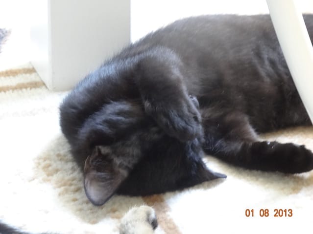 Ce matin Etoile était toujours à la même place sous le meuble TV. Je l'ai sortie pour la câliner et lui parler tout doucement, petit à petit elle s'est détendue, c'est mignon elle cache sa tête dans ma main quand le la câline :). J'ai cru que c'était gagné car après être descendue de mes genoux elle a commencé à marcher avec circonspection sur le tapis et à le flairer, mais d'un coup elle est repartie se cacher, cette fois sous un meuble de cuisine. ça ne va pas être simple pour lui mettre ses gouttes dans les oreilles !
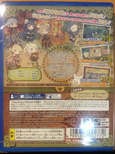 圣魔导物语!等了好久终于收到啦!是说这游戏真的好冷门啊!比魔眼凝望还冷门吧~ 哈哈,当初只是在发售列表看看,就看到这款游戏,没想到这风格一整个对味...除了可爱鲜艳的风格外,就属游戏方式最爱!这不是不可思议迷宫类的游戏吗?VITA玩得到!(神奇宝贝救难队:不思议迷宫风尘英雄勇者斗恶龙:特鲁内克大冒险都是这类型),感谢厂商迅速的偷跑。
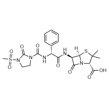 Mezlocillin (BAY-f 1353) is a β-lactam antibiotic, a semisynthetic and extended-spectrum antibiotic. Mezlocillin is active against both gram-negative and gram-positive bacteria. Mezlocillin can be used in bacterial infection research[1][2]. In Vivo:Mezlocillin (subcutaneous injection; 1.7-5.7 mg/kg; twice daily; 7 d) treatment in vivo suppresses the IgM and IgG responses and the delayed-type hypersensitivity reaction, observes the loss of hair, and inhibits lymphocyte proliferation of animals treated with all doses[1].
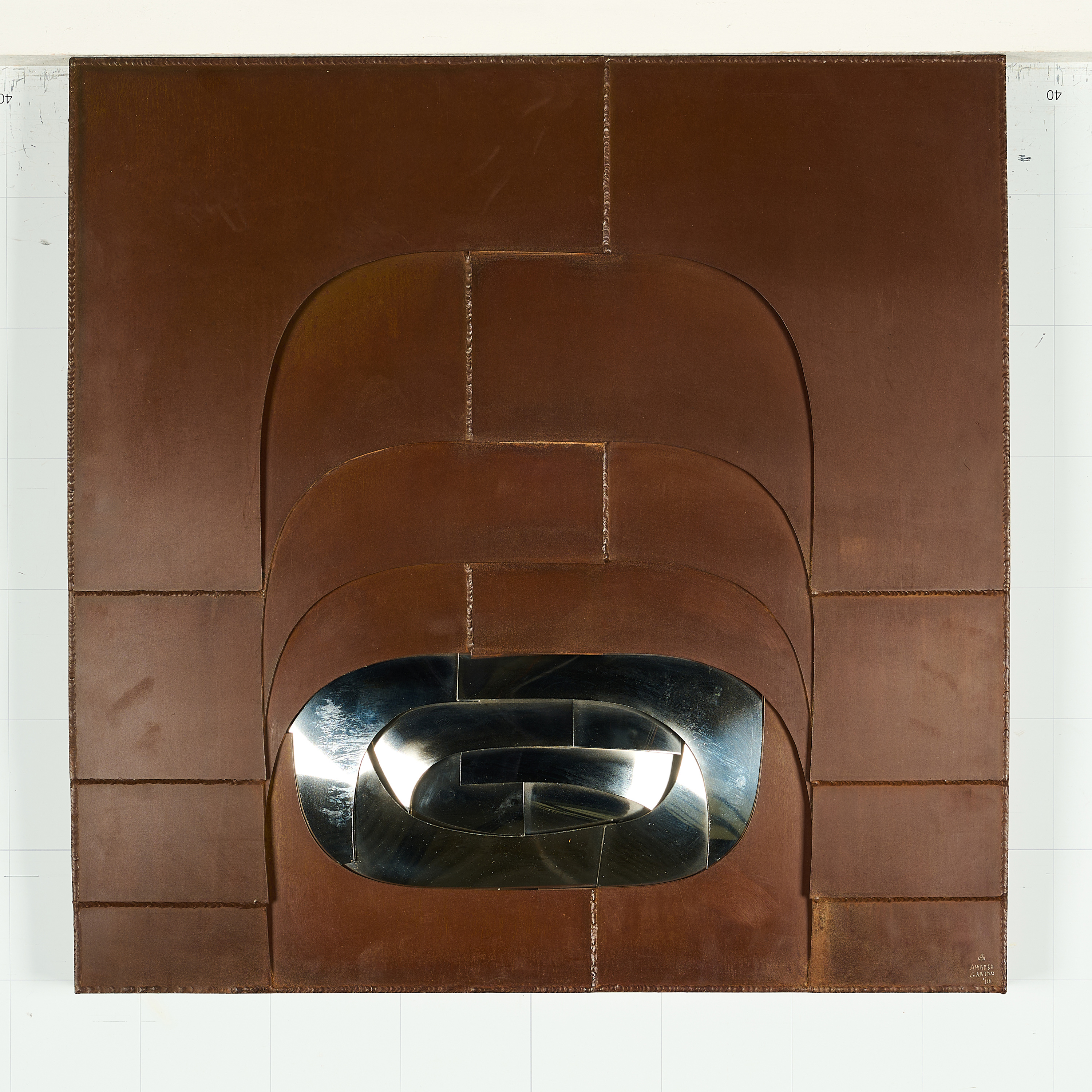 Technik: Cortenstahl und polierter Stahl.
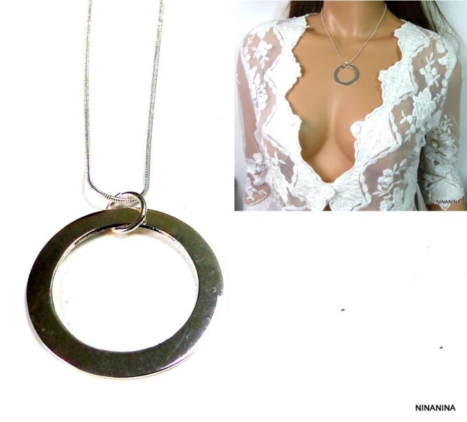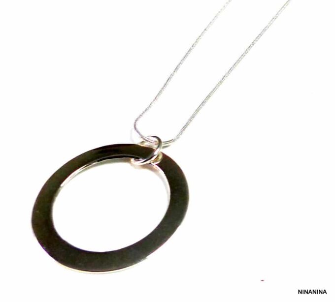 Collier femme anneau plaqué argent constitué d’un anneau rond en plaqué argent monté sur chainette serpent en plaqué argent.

...

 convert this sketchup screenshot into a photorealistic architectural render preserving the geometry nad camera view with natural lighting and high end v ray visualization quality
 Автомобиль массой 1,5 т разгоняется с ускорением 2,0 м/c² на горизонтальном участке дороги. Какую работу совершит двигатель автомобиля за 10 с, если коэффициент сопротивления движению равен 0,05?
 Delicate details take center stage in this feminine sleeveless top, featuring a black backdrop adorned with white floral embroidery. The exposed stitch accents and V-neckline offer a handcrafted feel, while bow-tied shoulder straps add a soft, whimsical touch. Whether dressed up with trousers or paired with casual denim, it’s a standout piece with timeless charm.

◆ **Your task**:
In the listing above, find the line containing "圣魔导物语!等了好久终于收到" and the line containing "Collier femme anneau", then output those two lines and everything between them exactly as written, without the images.

◆ **Your response**:
 圣魔导物语!等了好久终于收到啦!是说这游戏真的好冷门啊!比魔眼凝望还冷门吧~ 哈哈,当初只是在发售列表看看,就看到这款游戏,没想到这风格一整个对味...除了可爱鲜艳的风格外,就属游戏方式最爱!这不是不可思议迷宫类的游戏吗?VITA玩得到!(神奇宝贝救难队:不思议迷宫风尘英雄勇者斗恶龙:特鲁内克大冒险都是这类型),感谢厂商迅速的偷跑。
 Mezlocillin (BAY-f 1353) is a β-lactam antibiotic, a semisynthetic and extended-spectrum antibiotic. Mezlocillin is active against both gram-negative and gram-positive bacteria. Mezlocillin can be used in bacterial infection research[1][2]. In Vivo:Mezlocillin (subcutaneous injection; 1.7-5.7 mg/kg; twice daily; 7 d) treatment in vivo suppresses the IgM and IgG responses and the delayed-type hypersensitivity reaction, observes the loss of hair, and inhibits lymphocyte proliferation of animals treated with all doses[1].
 Technik: Cortenstahl und polierter Stahl.
 Collier femme anneau plaqué argent constitué d’un anneau rond en plaqué argent monté sur chainette serpent en plaqué argent.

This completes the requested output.